Not that you'd think it, but Star Wars: Battlefront is actually an incredibly simple game indeed. Draw a straight line from noughts and crosses, through Combat on the Atari 2600, taking a slight detour for a quick game of Holo-Chess on board the Millennium Falcon, and you'll arrive at here sooner than expected.
Sure, it might sound complicated - (take a deep breath) two sides fight for ownership of a vast playing field by attempting to win control of a number of Command Points, which act as bases from which troops can respawn, the battle only ending when either (a) all of the Command Points have been won by the same side, or (b) a faction has run out of reinforcements - but scrape through this thin pseudo-tactical veneer and you'll soon realise there's nothing here to overly worry your inner buffoon.
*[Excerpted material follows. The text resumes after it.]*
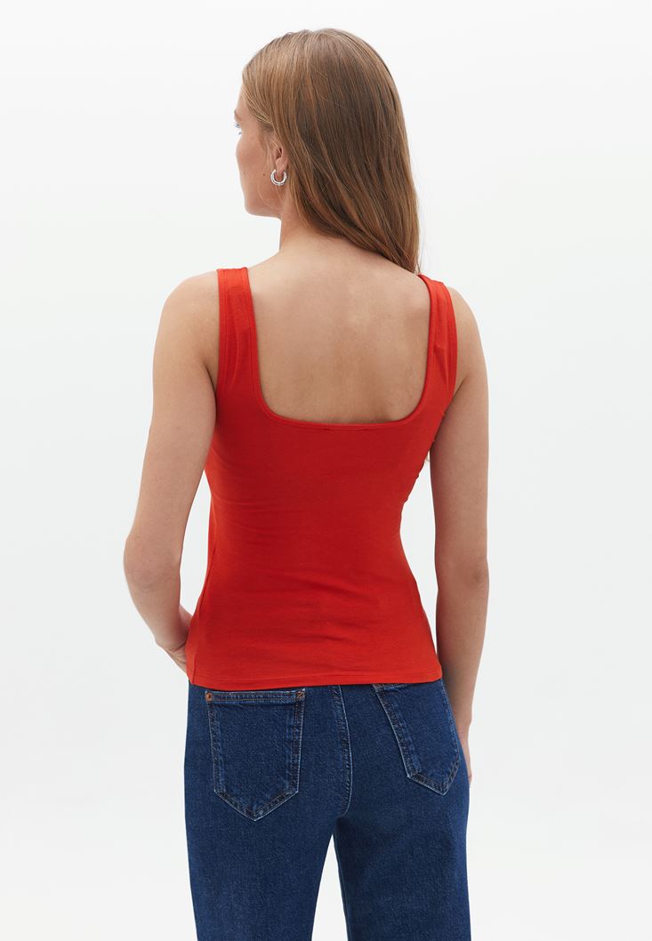 • Bayan Kırmızı Pamuklu Kare Yaka Atlet
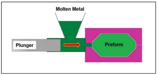 This process involves the injection of molten Mg into a die or mold cavity to generate the required shape. It is typically carried out in three steps: (i) preparation of die, during which the die or mold cavity is coated with a lubricant to prevent molten Mg from sticking to its surface; (ii) melting, followed by the injection of molten Mg; and (iii) ejection of Mg casting upon solidification (Figure 6).

Dimwits rejoice: if Knights Of The Old Republic brought the first truly great Stars War game to the polo-necked elite, Battlefront is set to do likewise for the common man in the street.
Truth is, there's nothing particularly original here. In fact, there's nothing original at all, Battlefront being a DJ LucasArts remix of Battlefield: 1942, a PC action-strategy game that thousands of people played and hundreds modded into a string of new games. What makes Battlefront such a special game isn't the gameplay or the Star Wars licence, it's the beautiful integration of the two. In short, Battlefront is way, way, way more than the sum of its parts.
Grunt Of The Litter
Part of the genius is, you're not the hero, you're just another grunt. Were Battlefront a movie, you'd be credited as 'Tie-Fighter Pilot With Hole In Trousers'. The effect this has is to make you feel more involved at a grassroots level in the Star Wars universe than you've ever felt before. It all seems so freakishly real, from the smallest Ewok to the tallest AT-AT.
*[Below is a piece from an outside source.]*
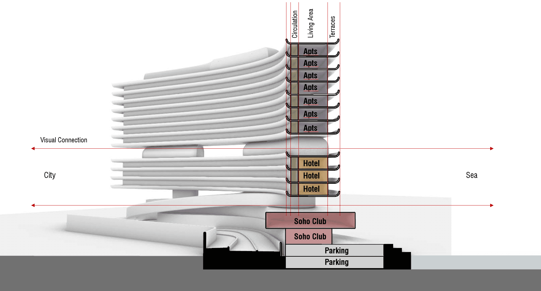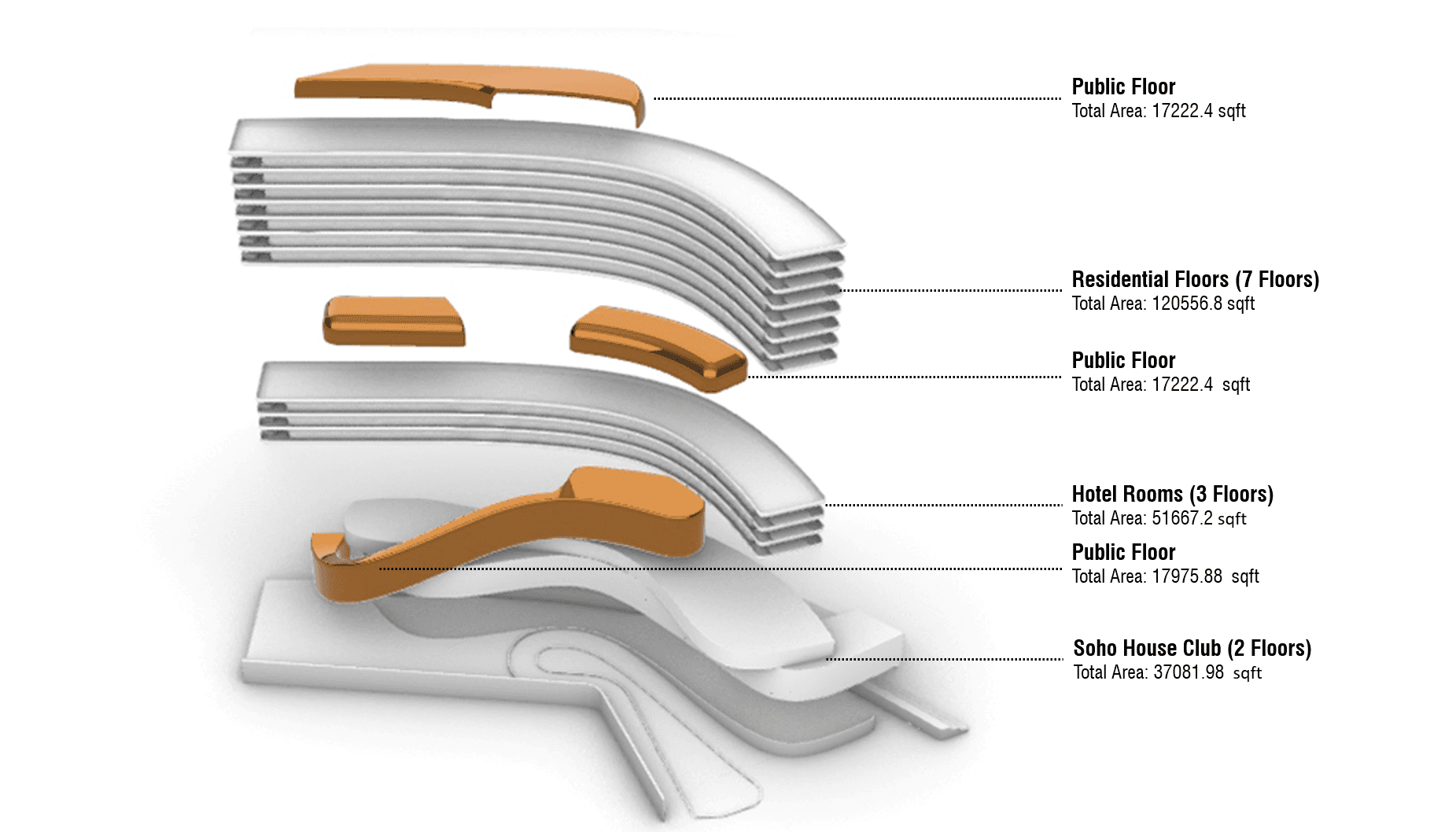 Located on the renowned Palm Jumeirah, Soho House offers a sophisticated integration of hotel, restaurant, and residential spaces. The design is inspired by the rhythmic patterns of the nearby sea, featuring a tripartite volume division that creates a seamless connection between distinct functional areas. Public pavilions on these division floors facilitate community interaction and maintain a continuous dialogue between the building and the surrounding sea.

It helps massively that the environments have been splattered to saturation point in painstaking, Lucas-approved detail. Run past the bar on Mos Eisley and you'll hear the band inside working through their signature Cantina Theme; soft-trot over the wastelands of Tatooine and you'll see the Sarlacc (that giant sand-hole thing) plucking Tuscan Raiders from the air as though they were thick, black nasal hairs. Suffice to say, in Battlefront, Star Wars Stuff You'll Recognise is everywhere.
Thankfully, the maps don't just look great, they play beautifully. The most impressive thing here is the versatility - from rolling outdoor greenery-scape (prepare for a spirited bout of Gungan-slaying on Naboo) all the way round to anus-tight indoor battlefields in which the Command Points are within spitting distance of each other, Battlefront can do the lot. As with everything in-game, you'll have far more fun with the maps taken from the original three movies than you will with those from shit-arsed prequels The Phantom Menace and Attack Of The Clones. But you can blame George Lucas for that. So we do. Hourly.
Considering this happy marriage of simple, thinky-shoot action and Star Wars mythology, it should come as no surprise that Battlefront is occasionally able to attain a Grand Theft Auto level of greatness, at which point it stops being 'just a game' and transforms into a infinitely expansive sandbox, a 16-valve anecdote generator able to pump out pub tales at an astonishing rate. "So there I was, battling four Stormtroopers in an ice-cave in Hoth, when who should I bump into but Luke Skywalker? Turns out he was flying home and decided to drop by. Anyway, he gets in a bit of trouble in combat and I end up coming to the rescue. And that's the story of how I saved the life of a Jedi, and thus the future of the galaxy. Landlord! Tizer!" No doubt about it, Battlefront is a game you'll phone people to talk about, a title with the potential to conjure up more memorable moments in one hour of play than Lucas is currently able to muster up in three years.